The review is correct

Author Response

We are grateful for your time and effort in reviewing our manuscript once again and for the helpful comments and advice.

The review is correct.

(Response)

Thank you for this comment.

Reviewer 3 Report

Three aspects still need to be clarified and/or improved by the authors. They are presented below:

-The authors have entered in M&M that PPD and GR were recorded in 0.5-mm increments. How can you measure 0.5mm increments with a Willians type manual probe with markings at 1,2,3,5,7,8,9,10mm?. For example, a recession of 3.5mm, how can it be determined with this probe? Clarify.

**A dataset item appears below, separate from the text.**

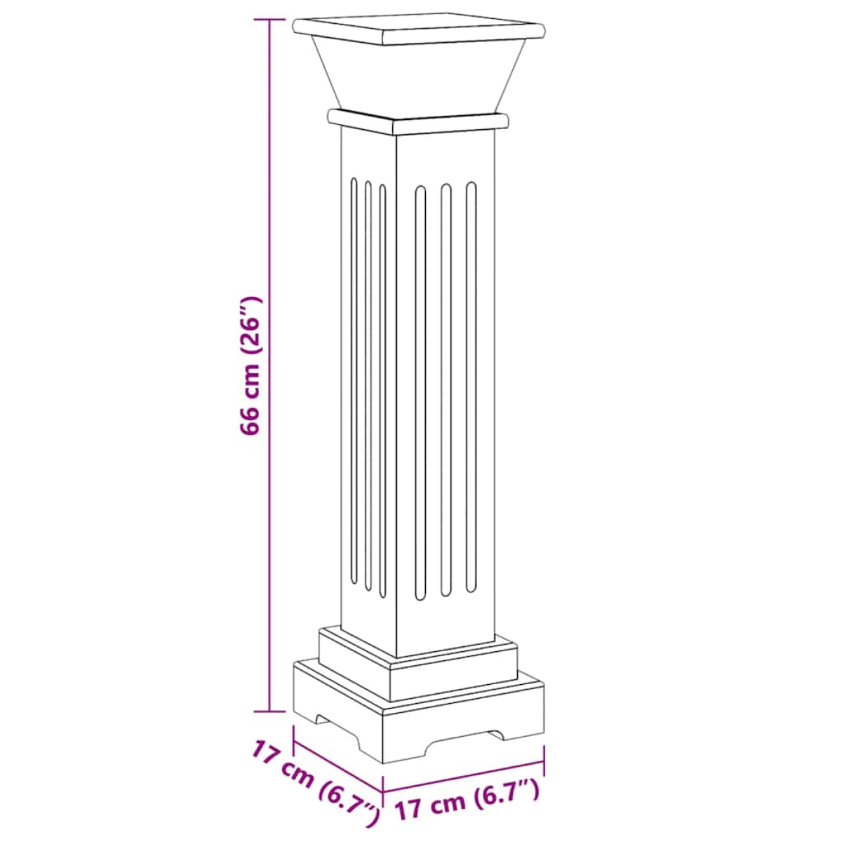 vidaXL Classic Square Pillar Plant Stand Black 17x17x66 cm MDF

-I insist, the authors say that they have included patients with moderate and severe periodontitis (Stage III periodontitis) and define the inclusion criteria as PPD>4mm and intraosseous defect >3mm. For any reader with clinical periodontal knowledge, these definition criteria do NOT reflect moderate or SEVERE periodontitis. The authors have to clarify these concepts.

-On the question of why they did not use membranes in the RGT technique, it cannot be answered as they do. It is necessary, at least in the discussion, to include some comment that justifies this procedure. Any connoisseur expects the use of membranes in regeneration techniques.

Author Response

We are grateful for your time and effort in reviewing our manuscript once again and for the helpful comments and advice.

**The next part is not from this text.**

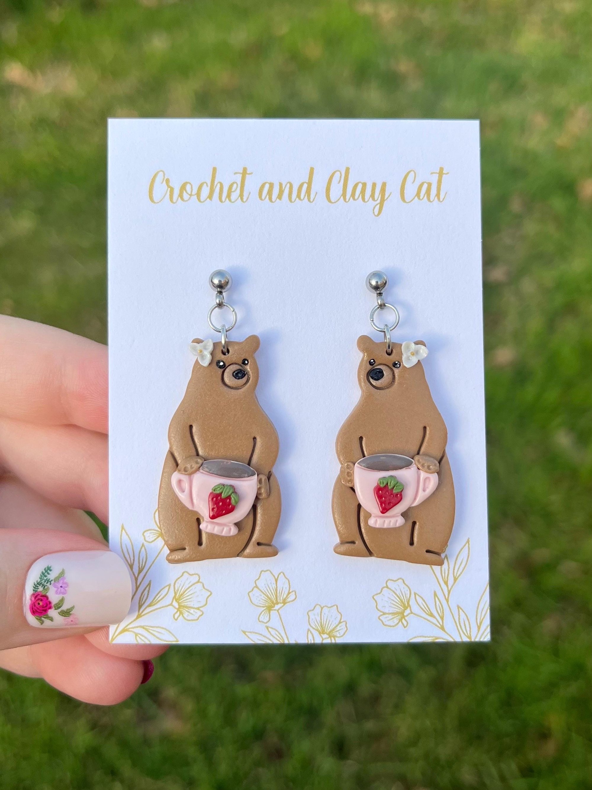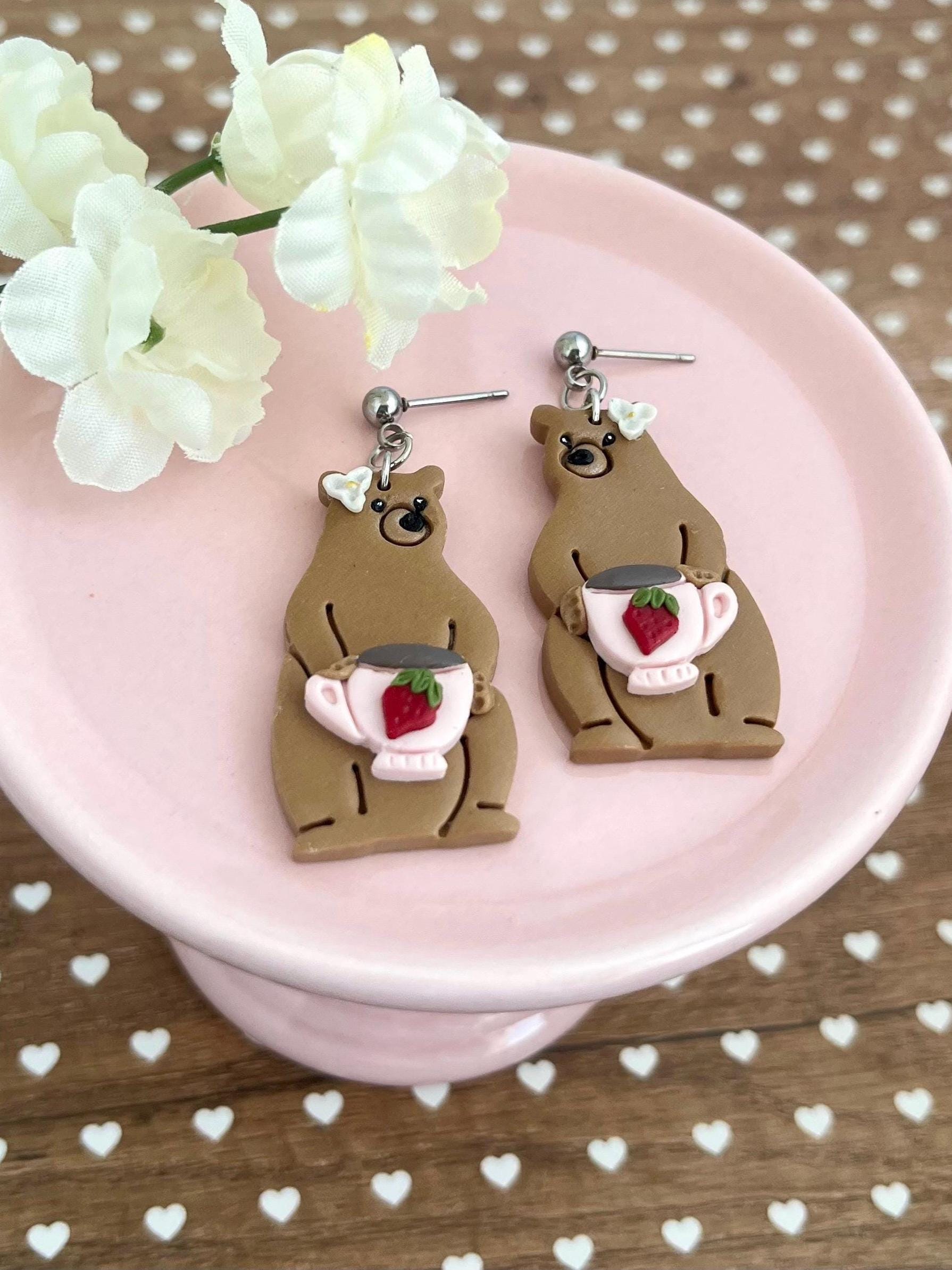 The very essence of cottagecore fashion, these are handmade with precision and care, each earring features a brown bear that is sure to turn heads. Made using durable, lightweight polymer clay, these earrings are easy to wear and comfortable on your ears, making them perfect for all-day wear. With their unique design and charming details, these earrings are a must-have accessory for any quirky, nature-loving fashionista!

-The authors have entered in M&M that PPD and GR were recorded in 0.5-mm increments. How can you measure 0.5mm increments with a Willians type manual probe with markings at 1,2,3,5,7,8,9,10mm?. For example, a recession of 3.5mm, how can it be determined with this probe? Clarify.

(Response)

We understand the reviewer’s concern. Yes, a Williams type probe has markings as you mentioned. We do not feel that the accurate 0.5-mm increment measurement is possible in using such a probe. When a measurement was in between the markings, an estimate was made in 0.5-mm increments.

 

-I insist, the authors say that they have included patients with moderate and severe periodontitis (Stage III periodontitis) and define the inclusion criteria as PPD>4mm and intraosseous defect >3mm. For any reader with clinical periodontal knowledge, these definition criteria do NOT reflect moderate or SEVERE periodontitis. The authors have to clarify these concepts.

(Resonse)

Thank you for this comment.

This inclusion criteria have been already set in the original study. The criteria of PPD> 4 mm as moderate periodontitis is consistent with the classification of the Clinical Practice Guidelines by the Japanese Society of Periodontology. This information has been added in the previous revision. Because we made patent-based diagnosis (not site-based), the target sites were not necessary the sites with greatest CAL or PD in a participant. However, please note that the mean values of CAL of the surgical sites in both groups were > 7 mm. We added a supplementary Table presenting baseline clinical parameters of this follow-up study in the revised manuscript.

 

-On the question of why they did not use membranes in the RGT technique, it cannot be answered as they do. It is necessary, at least in the discussion, to include some comment that justifies this procedure. Any connoisseur expects the use of membranes in regeneration techniques.

(Response)

We do not understand what the reviewer meant by “RGT technique”. In this study and two previous studies, we are not evaluating the clinical outcomes of “Guided Tissue Regeneration (GTR)” technique, but the periodontal regenerative therapy, comparing the use of a biological agent with/without a scaffold material. In Japan, the formal approval for the rhFGF-2 formulation (Regroth) in the periodontal regenerative therapy does not include the use of a barrier membrane. In light of the reviewer’s advice, we added comment on this in the Discussion section of the revised manuscript.